Support Questions

Find answers, ask questions, and share your expertise
Announcements
Celebrating as our community reaches 100,000 members! Thank you!

How does the FetchElasticSearch Processor Work?

avatar
New Contributor

I would of thought the FetchElasticSearch Processor would be able to connect to elasticsearch and extract all the documents for a particular Index and Type since it asks for that information in the processor configuration, however, it needs an upstream task. What upstream processor does it need? The task I am working on is to copy one index into another which has a different

elasticsearch mapping.

1 ACCEPTED SOLUTION

avatar

Hi Will,

On a logical point of view, you are right, I think there is no absolute need to have an incoming connection. As it is coded right now, it requires an incoming connection to allow users to leverage the expression language in the properties of the processor. However I think that the incoming connection could be optional instead of required.

The simplest way to get things working is to add a GenerateFlowFile processor before the FetchElasticsearch one. You can configure the generate flow file processor with a 0B size to have empty flow files, and change the scheduling as cron-time based to decide the frequency of the requests that will be sent to Elasticsearch.

Hope that helps.

View solution in original post

5 REPLIES 5

avatar

Hi Will,

On a logical point of view, you are right, I think there is no absolute need to have an incoming connection. As it is coded right now, it requires an incoming connection to allow users to leverage the expression language in the properties of the processor. However I think that the incoming connection could be optional instead of required.

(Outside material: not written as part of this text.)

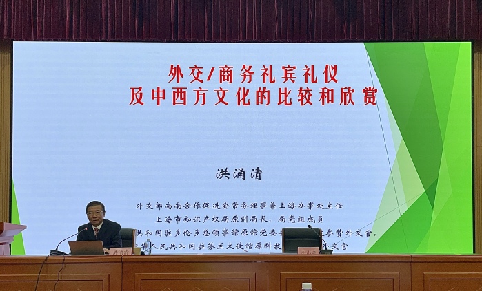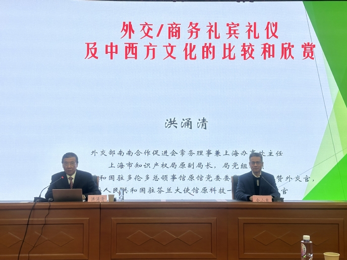 12月13日下午,学校2023年研究生党团骨干培训班举办中国特色大国外交专题讲座,特邀Beat365登陆网站优秀校友、外交部南南合作促进会上海办事处主任洪涌清主讲,Beat365登陆网站党委副书记金小东主持讲座。

The simplest way to get things working is to add a GenerateFlowFile processor before the FetchElasticsearch one. You can configure the generate flow file processor with a 0B size to have empty flow files, and change the scheduling as cron-time based to decide the frequency of the requests that will be sent to Elasticsearch.

Hope that helps.

avatar
Master Guru

As @Pierre Villard mentioned, FetchElasticsearch should not require an incoming connection. This has been captured as part of NIFI-1576. However to extract all documents from a particular Index and (optional) Type, you'll need the Search API, but FetchElasticsearch uses the Get API. To use the Search API, you can use the InvokeHttp processor with your own search query. Please see this related HCC post:

https://community.hortonworks.com/questions/41951/how-to-get-all-values-with-expression-language-in....

avatar
Explorer

@Matt Burgess

Is there example of how to use the the InvokeHTTP processor to do this? I am attempting to this but having issues with the attributes to send property. The way I currently have it set up is I have an InvokeHTTP process simply connected to a PutFile process on original and response relationships and the rest (failure, no retry, and retry) auto terminating. My InvokeHTTP properties are all the default values except:

HTTP Method: GET Remote URL: http://localhost:9200

Now the I am just trying to get all the documents from a particular index called "tweet_library" and the query to do that using a curl command is:

<a href="http://localhost:9200/[your_index_name]/_search">http://localhost:9200/[your_index_name]/_search
{
  "size": [your value] //default 10
  "from": [your start index] //default 0
  "query":
   {
    "match_all": {}
   }
}

So I thought the right idea would be to just place

tweet_library/_search{"size": 10000 "query":{"match_all": {}}}

(I left off "from" because I want the default value) inside attributes to send but when I try to do this I get an error saying that "Attributes to Send validated against tweet_library/_search{ "size": 10000 "query": { "match_all": {} }} is invalid because Not a valid Java Regular Expression."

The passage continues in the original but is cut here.